There is a possibility that we've gotten so good at molecular biology and modelling that we'll actually overcome these obstacles that we've created for ourselves, but the gist is that had we been a little more forward-thinking (including hoarding stocks for medical supplies, etc), the ultimate death count could have been orders of magnitude smaller, possibly anecdotal.
There is a valid reason to stop Sars-1: the researchers working on that could go on other other things. On hindsight we know differently, but there was no reason to expect this even 6 months ago.
Up until late January I was saying I want a vaccine for the common cold which was more impact on my life and something these researchers could switch to. (I'd like a better treatment to prevent heart attacks even more, but it is unlikely the researchers could switch)
> “there was no reason to expect this even 6 months ago.”
You might want to re-think that perception.

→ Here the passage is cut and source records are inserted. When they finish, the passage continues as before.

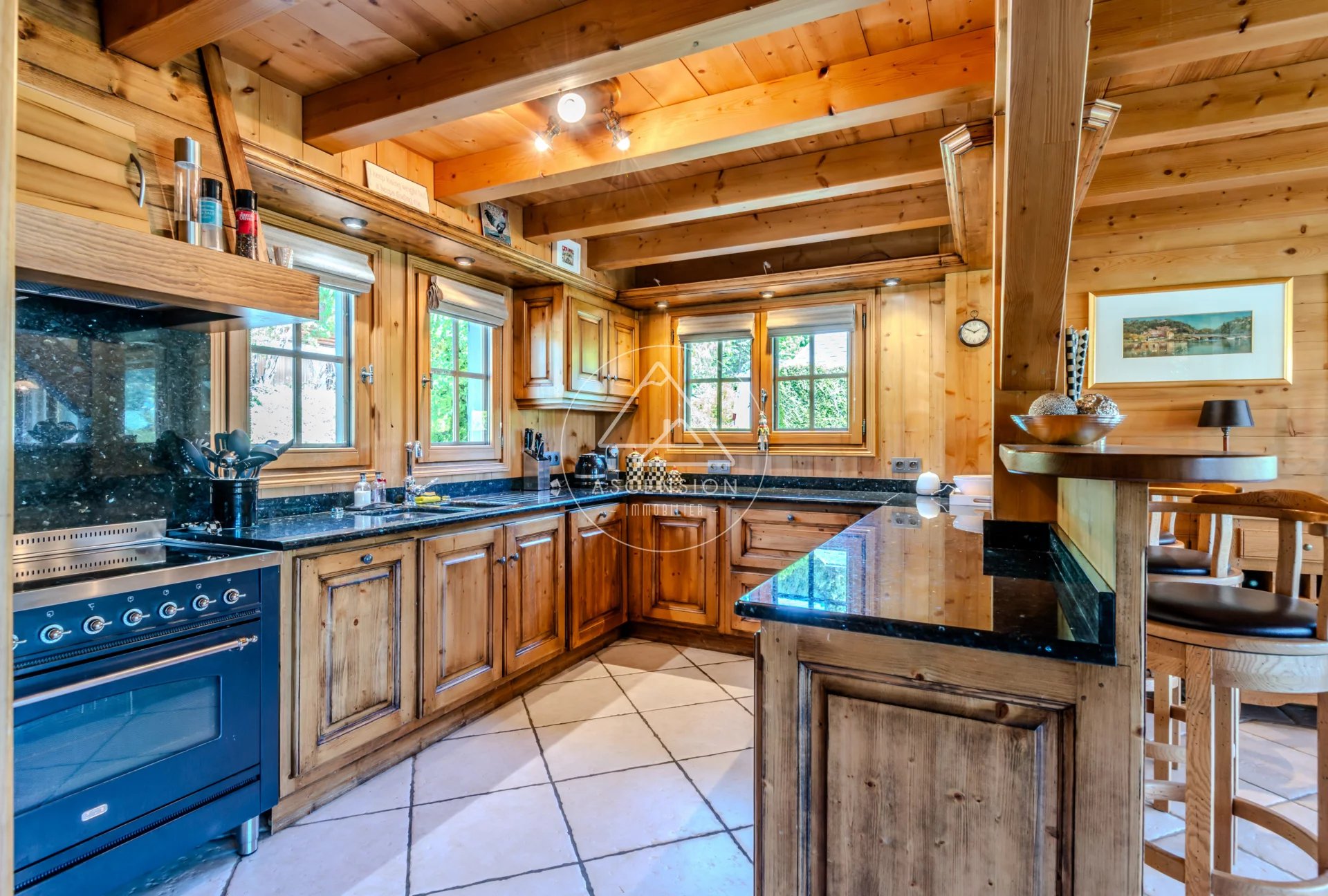 Construit en 2006, le chalet développe une surface généreuse de 223 m² répartie sur trois niveaux. L’entrée s’ouvre sur un vaste espace de vie lumineux, bénéficiant d’une orientation optimale. La cuisine ouverte, moderne et entièrement équipée avec plan de travail en granit, s’intègre harmonieusement à la salle à manger et au salon chaleureux agrémenté d’un poêle à bois. Une grande terrasse prolonge cet espace et offre une vue panoramique sur les montagnes.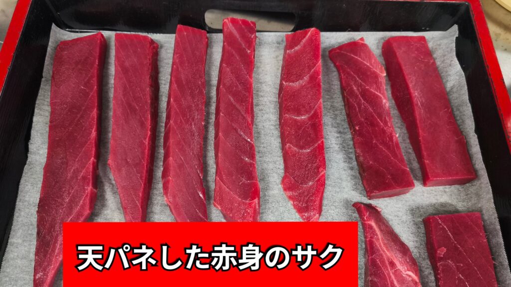 おいらの店ではサク取りの時点で更に半分に切り分け、-60℃の超低温冷凍庫で保管します。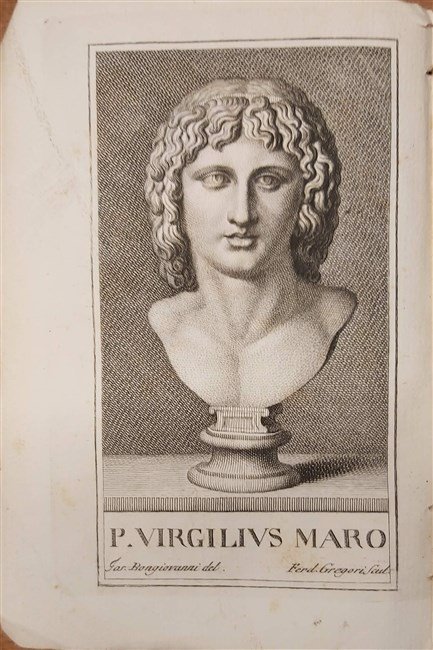 in-8, pp. 95, leg. carta dec. novecentesca. Bell’antip. inc. in rame raff. il busto di Virgilio firmato F. Gregori su dis. di Bongiovanni. Con due tavv. inc. in rame f. t. di cui una più volte rip. Precede la descriz. del Museo la storia dello stesso, anche in rapporto alla città di Sabbioneta. Sono riportate e commentate le iscrizioni romane. Timbro di bibl. estinta. Qualche mancanza di carta al d. ma bell'esempl. su carta forte. [140]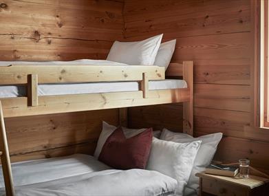 Gaustablikk Fjellresort har en 16-mannshytte i laftet tømmer på ca 170 kvm. Hytten har 5 soverom (rom 1: dobbeltseng, rom 2: dobbeltseng, rom 3: 2 stk køyesenger, rom 4: køyeseng + familiekøyeseng, rom 5: køyeseng + familiekøyeseng), 3 bad hvorav det ene har badstue. Velutstyrt kjøkken med oppvaskmaskin, stort kjøle- og fryseskap, stekeovn, mikrobølgeovn, kaffetrakter og servise. Stue med peis, spisebord, salong, TV og trådløst Wifi. Utenfor hyttene er det terrasse med flott utsikt og meget gode solforhold. Hyttene ligger ca 150 meter fra hotellet og har ski in/out til Gausta Skisenter og langrennsløyper. Sengetøy og håndklær er inkludert

I've recently heard Ralph Baric, an epidemiology Professor from UNC School of Medicine[0]. He's arguably one of the world's foremost experts on the topic — which makes it easy to at least listen to the man, you'd think... Have a look at his publications:
- Dec 2015 ⇒ A SARS-like cluster of circulating bat coronaviruses shows potential for human emergence.[1]

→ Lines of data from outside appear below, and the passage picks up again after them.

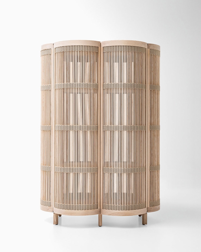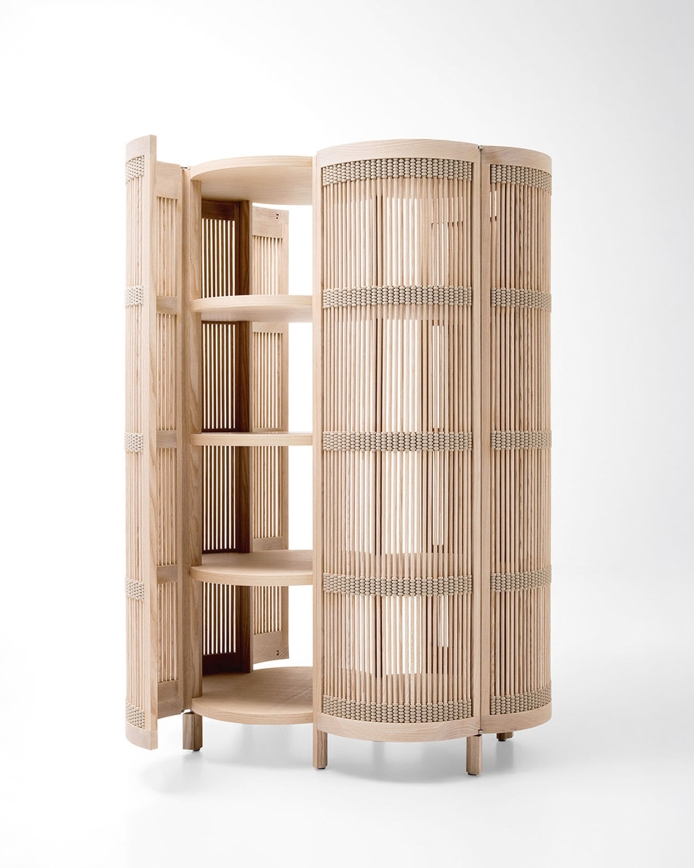 Produced in a limited number of 12 units, the Nuvola Cabinet is was conceived as a form of domestic micro-architecture. Nuvola defines interiors with quiet clarity and restraint. Its double-sided configuration, with mirrored openings, removes the distinction between front and back and allows access from any direction. Four fixed internal shelves support both display and storage, while flat braided rope softens and compliments the structure. All timber elements are sealed with a natural acrylic wax to protect and retain the natural appearance of the timber.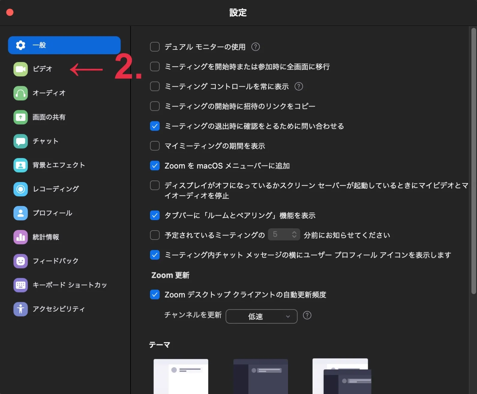 - 設定ウィンドウの左側から「ビデオ」を押してください.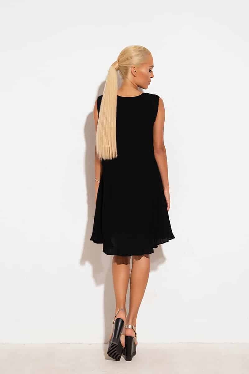 Long ladies dress, made of elastic light fabric, slightly raised in the back. She can dress in several ways. The pattern is one size and is suitable for XS, S, M, and L shapes.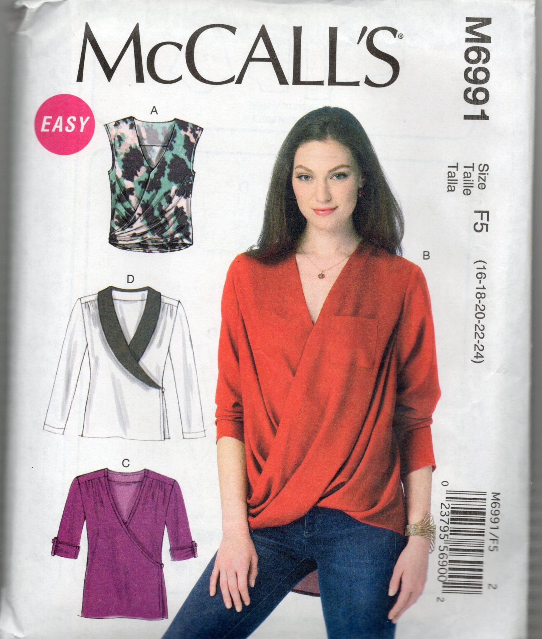 McCall's Pattern #6691: Crossover Blouse- Sizes 16, 18, 20, 22, 24 Easy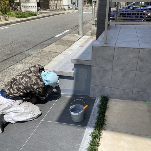 本日は階段塗装部の仕上げ塗装です。 階段の蹴上げ部が塗装仕様の為 弾性塗料で作業です。 あと少しで完成です。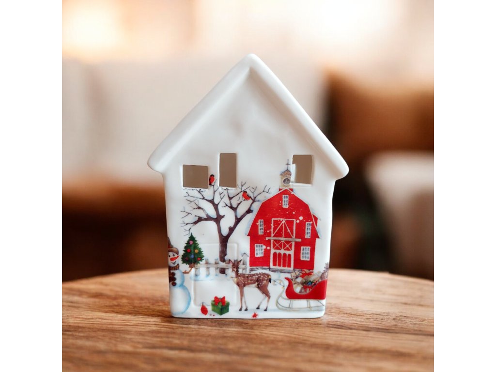 Domček zdobí detailná zimná potlač - červená stodola, stromček, jeleň a sane.

- Mar 2016 ⇒ SARS-like WIV1-CoV poised for human emergence.[2]
Few sentences from the abstract of the latter:
> Outbreaks from zoonotic sources represent a threat to both human disease as well as the global economy. Despite a wealth of metagenomics studies, methods to leverage these datasets to identify future threats are underdeveloped. [...] Focusing on the severe acute respiratory syndrome (SARS)-like viruses, the results indicate that the WIV1-coronavirus (CoV) cluster has the ability to directly infect and may undergo limited transmission in human populations.
I mean... What more is there to say?
You may listen to a (great but rather technical) podcast[3] featuring him, among other experts, and there's even a layman-friendly companion post made by a listener[4] (whom I fully credit and thank for sharing the knowledge).
There's a number of Zika vaccines that have been developed years ago that still aren't close to regulatory approval.
SARS-COV-1 infected people for 2 years, then it was gone. There's certainly a chance that SARS-COV-2 disappears before a vaccine could make it to market.